Говорят, в подмосковном Переделкине ещё встречаются старожилы, которые могут описать исчезнувший вид из окна дачного кабинета Бориса Пастернака. Что же было видно в те времена, когда мемориальный музей поэта еще не был признан? Оказывается, за полем, нынче густо застроенным коттеджами, просматривались погост и золотистые купола храма Преображения Господня. А если приглядеться внимательней, различались и верхушки трех сосен, под которыми более полувека тому назад похоронили поэта, одухотворившего своими стихами эти места. С печальной гордостью вспоминаю сейчас, как однажды мне посчастливилось оказаться в группе посетителей, которым показывал дом Бориса Пастернака его сын и биограф — Евгений Борисович. Он подвел нас к окну, вытянул руку, и мы увидели эти деревья, из которых доныне выжила только одна сосна.
Когда я думаю об этом, пытаюсь утешиться мыслью, что здешняя природа все равно остается нетронутой в его гениальной лирике, ведь там — все бессмертно, все навсегда.
«В траве, меж диких бальзаминов, / Ромашек и лесных купав, / Лежим мы, руки запрокинув / И к небу головы задрав. // Трава на просеке сосновой / Непроходима и густа. / Мы переглянемся — и снова / Меняем позы и места».
В редкой книжке «Пастернаковское Переделкино» литератор и звукоархивист Лев Шилов вспоминает об одном диковинном признании знаменитого соседа Пастернака по Переделкину. Аудиозапись того монолога сохранилась, и я, волнуясь, переписываю сюда его начало. «Если бы я не был так стар, — говорил весной 1964 года Корней Иванович Чуковский, — я нашел бы себе новую профессию. Я стал бы гидом по переделкинским местам, связанным с поэзией Пастернака.
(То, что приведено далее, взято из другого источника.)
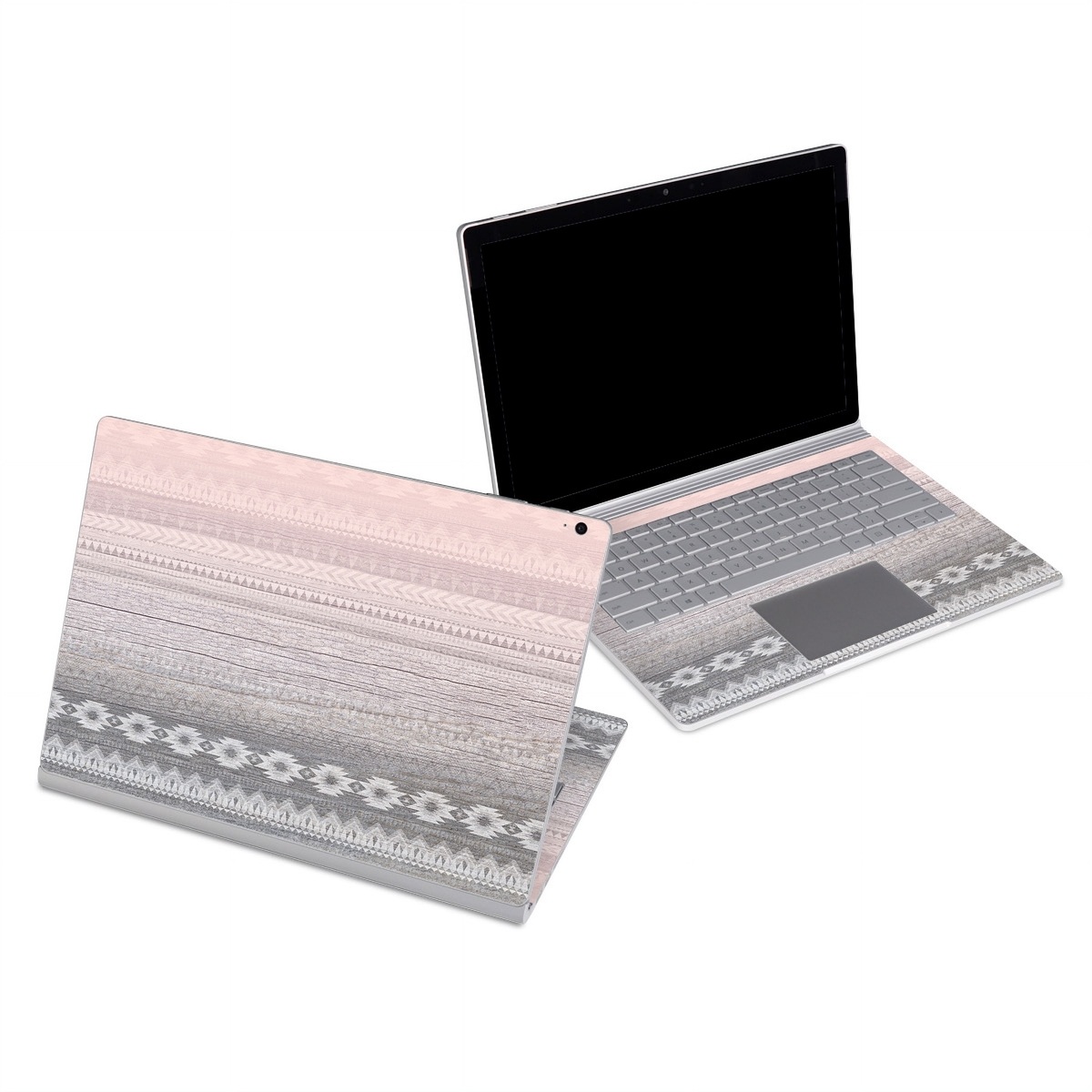 iStyles Microsoft Surface Book Series Skin design of White, Beige, Textile, Pattern, Lace, Tablecloth, Linen, Linens, with pink, white, gray colors, and tagged with patterns, nature, natural, nature, pattern, pink, tribal, wood.

Я повел бы туристов вот к такой-то березе, которая увековечена им, к такому-то ручью, который был им воспет. Я показал бы поле, по которому он проходил ежедневно, я показал бы те дома, те пейзажи, те леса, которые в его стихах живут до сих пор, и будут жить вечно…»
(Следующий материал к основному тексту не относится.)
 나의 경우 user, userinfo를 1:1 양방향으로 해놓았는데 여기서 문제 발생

Перечитаем его стихи, вот эти три. Вы знаете: минуты сопричастности, счастья, чуда.
Август
Как обещало, не обманывая,
Проникло солнце утром рано
Косою полосой шафрановою
От занавеси до дивана.
Оно покрыло жаркой охрою
Соседний лес, дома поселка,
Мою постель, подушку мокрую,
И край стены за книжной полкой.
Я вспомнил, по какому поводу
Слегка увлажнена подушка.
Мне снилось, что ко мне на проводы
Шли по лесу вы друг за дружкой.
Вы шли толпою, врозь и парами,
Вдруг кто-то вспомнил, что сегодня
Шестое августа по старому,
Преображение Господне.
Обыкновенно свет без пламени
Исходит в этот день с Фавора,
И осень, ясная, как знаменье,
К себе приковывает взоры.
И вы прошли сквозь мелкий, нищенский,
Нагой, трепещущий ольшаник
В имбирно-красный лес кладбищенский,
Горевший, как печатный пряник.
С притихшими его вершинами
Соседствовало небо важно,
И голосами петушиными
Перекликалась даль протяжно.
В лесу казенной землемершею
Стояла смерть среди погоста,
Смотря в лицо мое умершее,
Чтоб вырыть яму мне по росту.
Был всеми ощутим физически
Спокойный голос чей-то рядом.
То прежний голос мой провидческий
Звучал, не тронутый распадом:
«Прощай, лазурь преображенская
И золото второго Спаса
Смягчи последней лаской женскою
Мне горечь рокового часа.
Прощайте, годы безвременщины,
Простимся, бездне унижений
Бросающая вызов женщина!
Я — поле твоего сражения.
Прощай, размах крыла расправленный,
Полета вольное упорство,
И образ мира, в слове явленный,
И творчество, и чудотворство».
1953
Когда разгуляется
Большое озеро как блюдо.
За ним — скопленье облаков,
Нагроможденных белой грудой
Суровых горных ледников.
По мере смены освещенья
И лес меняет колорит.
То весь горит, то черной тенью
Насевшей копоти покрыт.
Когда в исходе дней дождливых
Меж туч проглянет синева,
Как небо празднично в прорывах,
Как торжества полна трава!
Стихает ветер, даль расчистив,
Разлито солнце по земле.
Просвечивает зелень листьев,
Как живопись в цветном стекле.
B церковной росписи оконниц
Так в вечность смотрят изнутри
В мерцающих венцах бессонниц
Святые, схимники, цари.
Как будто внутренность собора —
Простор земли, и чрез окно
Далекий отголосок хора
Мне слышать иногда дано.
Природа, мир, тайник вселенной,
Я службу долгую твою,
Объятый дрожью сокровенной,
B слезах от счастья отстою.
1956
Тишина
Пронизан солнцем лес насквозь.
Лучи стоят столбами пыли.
Отсюда, уверяют, лось
Выходит на дорог развилье.
В лесу молчанье, тишина,
Как будто жизнь в глухой лощине
Не солнцем заворожена,
А по совсем другой причине.
Действительно, невдалеке
Средь заросли стоит лосиха.
Пред ней деревья в столбняке.
Вот отчего в лесу так тихо.
Лосиха ест лесной подсед,
Хрустя обгладывает молодь.
Задевши за ее хребет,
Болтается на ветке желудь.
Иван-да-марья, зверобой,
Ромашка, иван-чай, татарник,
Опутанные ворожбой,
Глазеют, обступив кустарник.
Во всем лесу один ручей
В овраге, полном благозвучья,
Твердит то тише, то звончей
Про этот небывалый случай.
Звеня на всю лесную падь
И оглашая лесосеку,
Он что-то хочет рассказать
Почти словами человека.
1957
БОРИС ПАСТЕРНАК. «НИКОГО НЕ БУДЕТ В ДОМЕ…»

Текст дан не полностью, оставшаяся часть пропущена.